5. The plaintiff in the instant suit claimed the suit land to be an endowed property. The branch of the Asthal at Samastipur was established with the help of the grandfather of the plaintiff, who used to look after the Puja Path of the deity through a Pujari appointed from time to time. The plaintiff’s grandfather and Sri Pramod Ban Bihari Saran Jee were Guru bhais and the entire family was dedicated to the Asthal. Public also used to participate in the Puja path of the diety. It was contended that Mahanth Sukhram Das had no right to dispose of the trust property for a paltry sum without any legal necessity and the plaintiff being one of the worshippers had every right to question the transfer of the trust property. It was also contended that this property was sold by Mahanth Sukhram Das without previous sanction from the Bihar Hindu Religious Trust, Board hereinafter referred to as ‘the Board’, which offended the provisions of Section 28(1)(j) and Section 4(2) of the Bihar Act.

6. In the suit the Board along with others is one of the defendants.
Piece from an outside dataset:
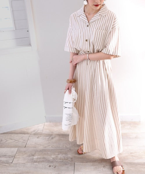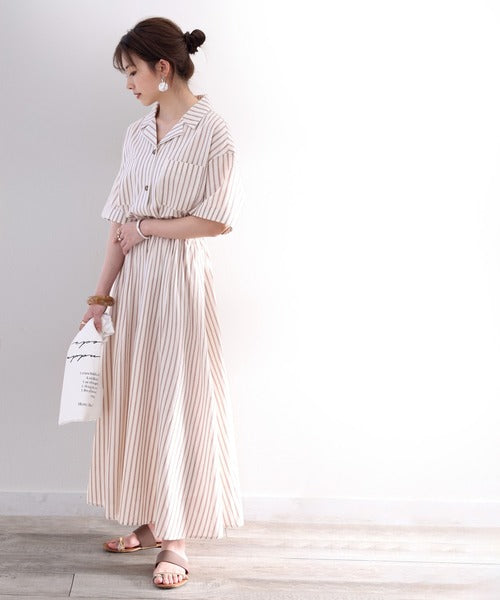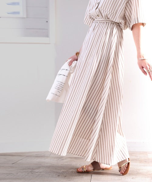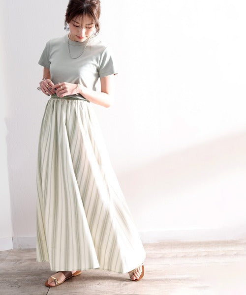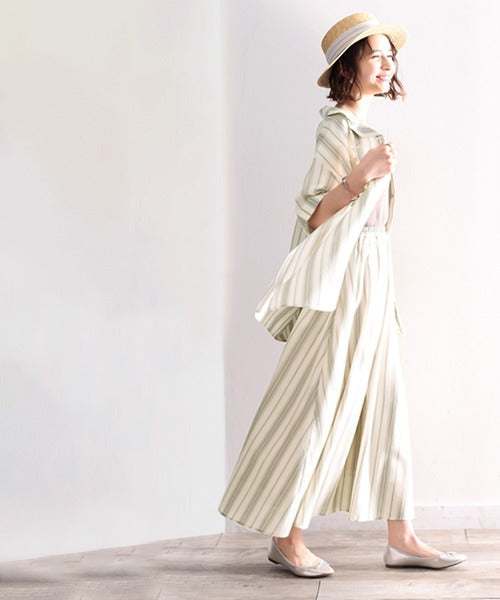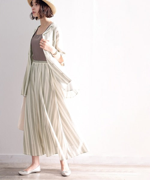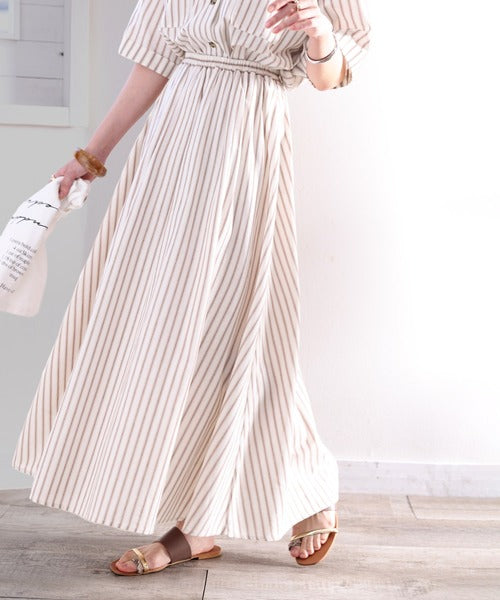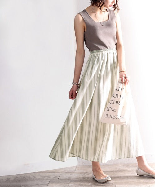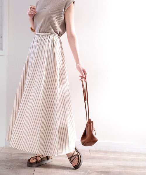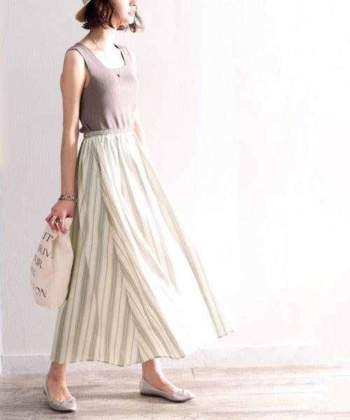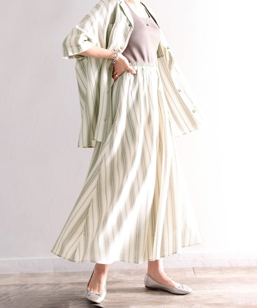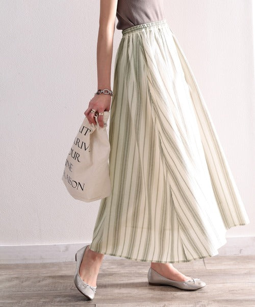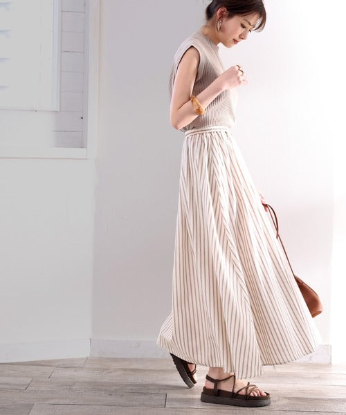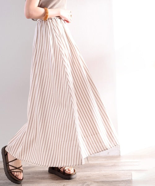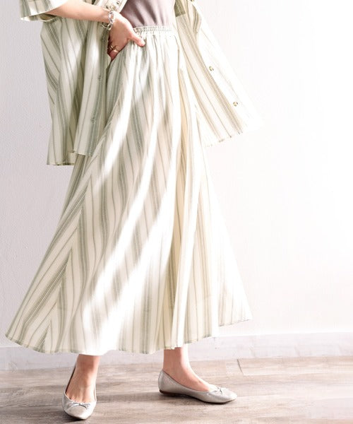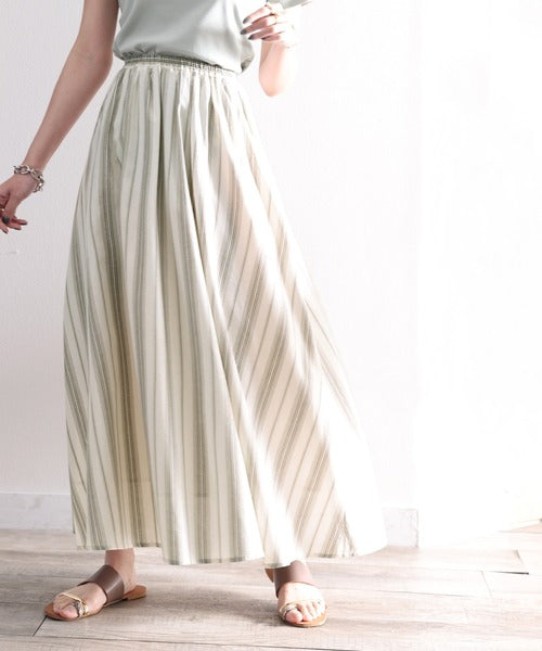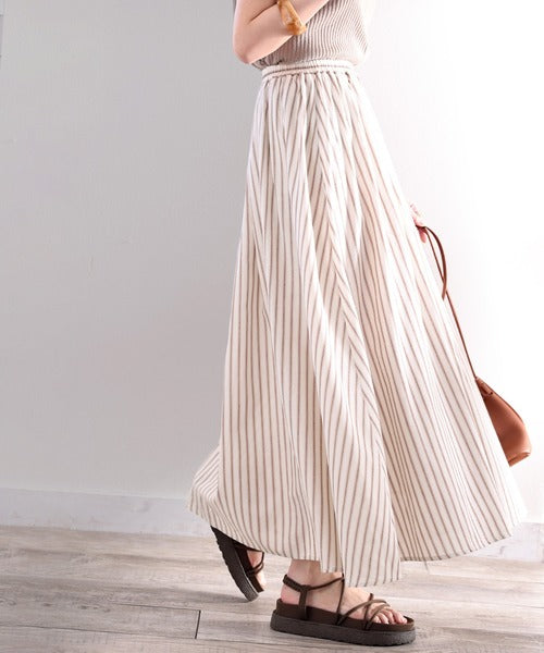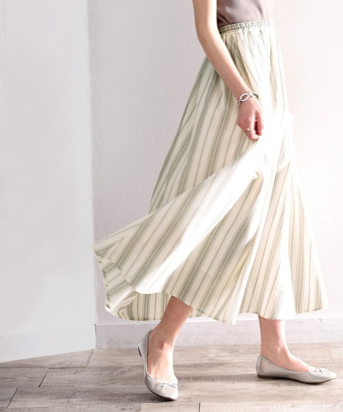 春の風舞う。ストライプ柄コットンリネンライクフレアスカート ce0420102

The Board supported the case of the plaintiff. The defendants, on the other hand, contended that the suit as framed is not maintainable at the instance of the plaintiff. The Asthal at Ayodhya is not a public trust but a private trust and similarly the branch of Samastipur. It was further asserted that there is no idol installed at Samastipur and, therefore, neither the plaintiff nor his family members nor the public had any occasion to worship any deity. Mahanth Sukhram Das inherited as a disciple the private property at Samastipur and because of difficulty in managing the said property sold it away for a valuable consideration. The original defendant No. 1 claimed to be bona fide purchaser for value after due enquiry about necessity and benefit of the estate and, therefore, he had acquired a valid title. It was also contended that the brother of the plaintiff having failed to obtain the declaration in the earlier suit, therefore, the present suit has been instituted to put pressure on defendant no. 1, we may part with the same.

7. Apart from raising the preliminary point that the suit and the appeal have abated, Mr. Ghose contended that the suit is barred by res judicata; it is not maintainable at the instance of the plaintiff in its present form in view of the various provisions of the Bihar Act.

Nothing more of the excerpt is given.